Supplied material -

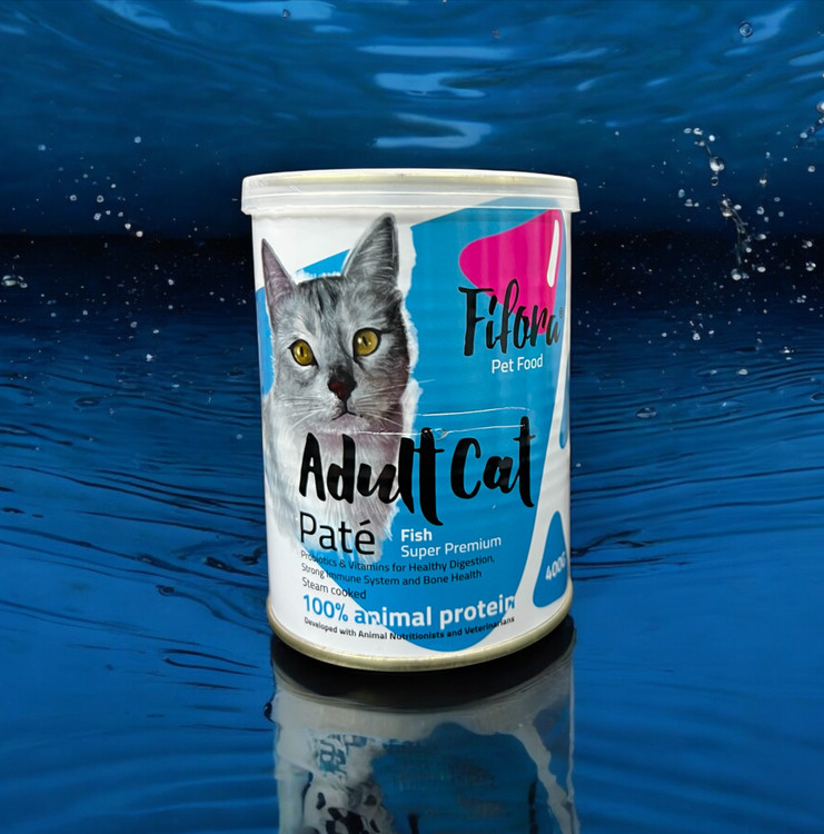 کنسرو پته طعم ماهی Fifora با وزن ۴۰۰ گرم، غذایی کامل، خوشطعم و مغذی برای گربههای بالغ تمام نژادهاست.
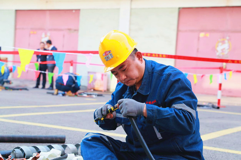 外线电工技术比武的选手们身着工作服、绝缘鞋,头戴安全帽,有条不紊完成10kV交联聚乙烯电缆户外冷缩终端头制作的每一个步骤,展现出了扎实的专业知识和丰富的实践经验。
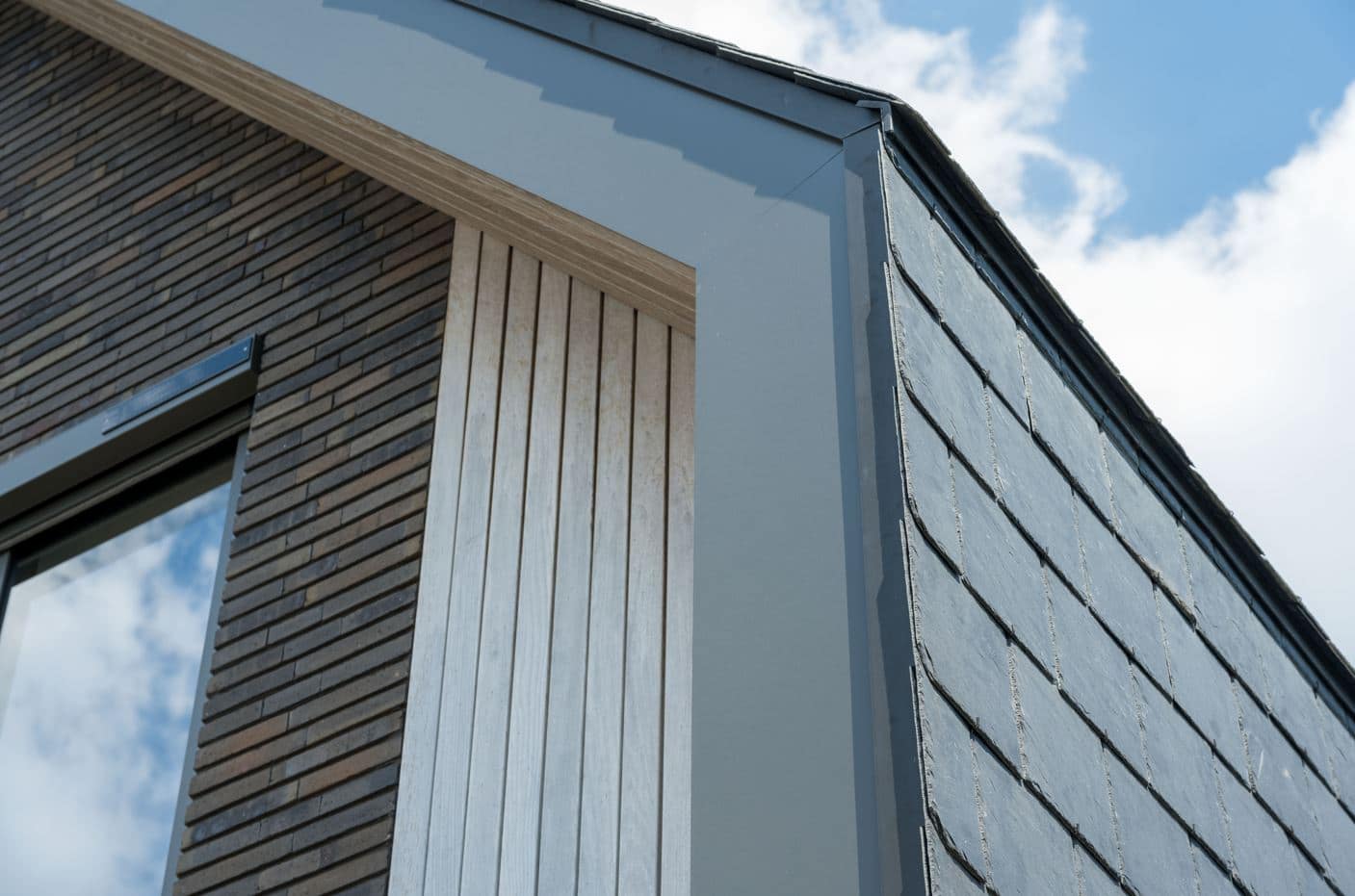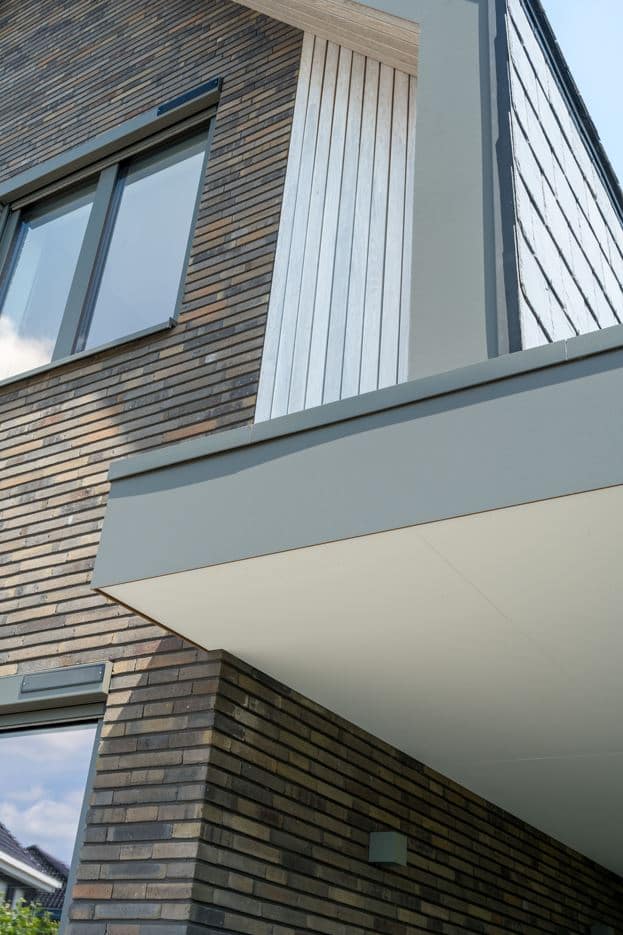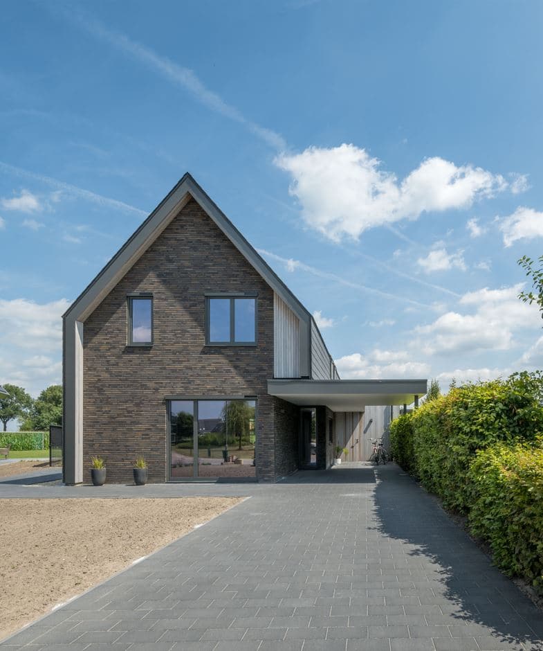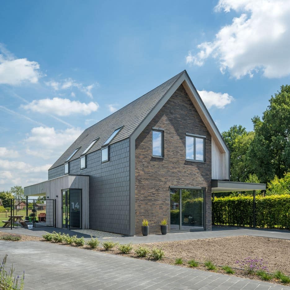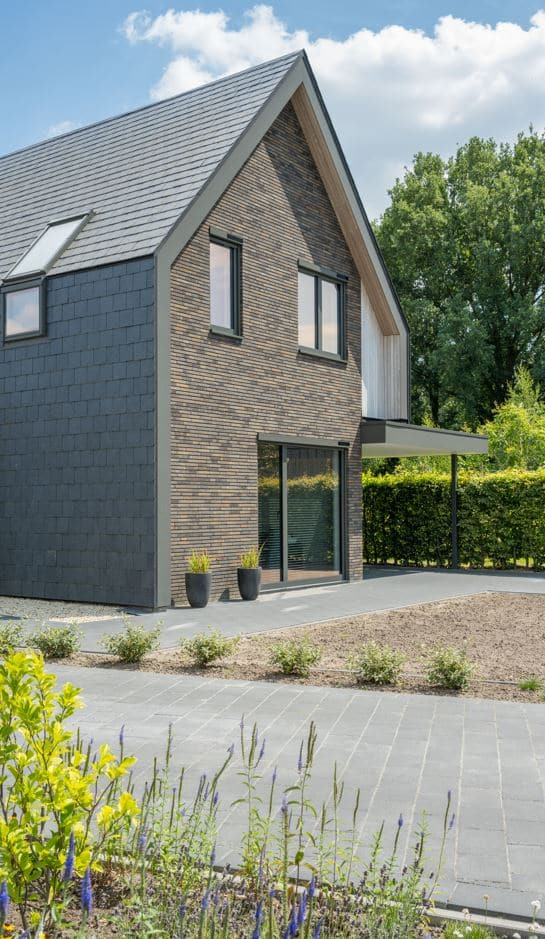 Een bijzonder kenmerk van dit project is het dak, dat is bedekt met natuursteen leien. Deze leien lopen door op de gevels, wat zorgt voor een naadloze overgang tussen dak en gevel, en een unieke, eigentijdse uitstraling. Dit materiaal is niet alleen esthetisch aantrekkelijk, maar ook duurzaam en onderhoudsarm, wat bijdraagt aan de lange levensduur van de woning.

Task -
Beginning at the line that contains "外线电工技术比武的选手们身着" and ending at the last line of the data, return each line exactly; no picture belongs in the copy.

Solution -
 外线电工技术比武的选手们身着工作服、绝缘鞋,头戴安全帽,有条不紊完成10kV交联聚乙烯电缆户外冷缩终端头制作的每一个步骤,展现出了扎实的专业知识和丰富的实践经验。
 Een bijzonder kenmerk van dit project is het dak, dat is bedekt met natuursteen leien. Deze leien lopen door op de gevels, wat zorgt voor een naadloze overgang tussen dak en gevel, en een unieke, eigentijdse uitstraling. Dit materiaal is niet alleen esthetisch aantrekkelijk, maar ook duurzaam en onderhoudsarm, wat bijdraagt aan de lange levensduur van de woning.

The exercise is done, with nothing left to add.